I opened the library door, pencil and paper in hand.  Inside there was nothing to be heard but the clickity-clack of fingers on keyboards. I stepped inside and pulled the door slowly and smoothly behind me.  It quietly clicked shut.  As I walked through the space between the wall of the computer lab and the wall of the elementary book room I took in as much as I could see.  I noted that there was a water dispenser right as you walk in the door. I also noted that there were 18 computers in the computer lab, a perfect amount considering that there were only ten students in there at the time.  Their teacher sat at one computer, but didn’t type; he was looking through a stack of papers.  I walked on. Straight ahead there was a small desk with a computer. A lady walked up to me.

“Can I help you?” she asked politely.

“Yes,” I replied. “I am a member of the Middle States Association, Committee of Institution-Wide Accreditation, and I would like to speak to the librarian.”

“That’s me,” she said.

“Great! I have some questions to ask you. Do you have a minute?”

I asked her if she was a certified librarian. She said she was but her library aids weren’t certified although they had college degrees. I then asked her about the history of this library. She explained that it had been in this place for four years, but had been at ASOY since the school had been built. It used to be down where the art room is now, and up here was where the director lived. Then when the director died, the next director decided to move off campus, so this area was eventually made into a library.  When it finally moved up here, it started as just books for ages nursery through grade six, but gradually was for up to grade 12. 

“Our collection consists of 16,422 books, CDs, DVDs, and VHS,” she continued.

She pointed to a room behind me. “That is the easy-reading room, for grades   pre-K-5. Those shelves and that section there,” she pointed, “make up the reference section. This whole section,” she swept her hand over a large area behind her, “is the fiction section.

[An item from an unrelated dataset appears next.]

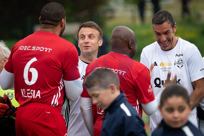 Emmanuel Macron, président de la Republique et Robert Pires lors du match de football caritatif du Variétés club de France au profit de l'opération Pièces jaunes au stade Bernard Giroux à Plaisir, France, le 24 janvier 2024. © Eric Tschaen/Pool/Bestimage French President during the Varietes Club charity football match to benefit children in hospital at the Bernard Giroux stadium, in Plaisir near Paris, France, on April 24, 2024.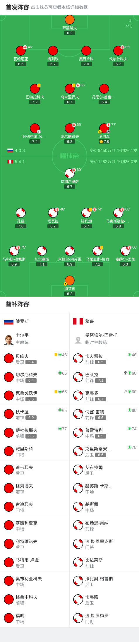北京时间11月13日国际友谊赛,俄罗斯与秘鲁展开对决。比赛中,阿列克谢-米兰丘克送出助攻,戈洛温破门得分,为俄罗斯取得领先。随后,克韦多助攻巴莱拉攻入一球,帮助秘鲁扳平比分。最终双方以1比1握手言和。

Last but not least, this section to my left is the non-fiction section.”

I looked at the non-fiction section and noted that it had eight short bookcases, along with 16 cases that were about twice the height. In front of the fiction section, there was a study corner that had plenty of tables, including two small round ones,a large rectangular one with walls that split it into six sections. And a really shot one with six stools around it.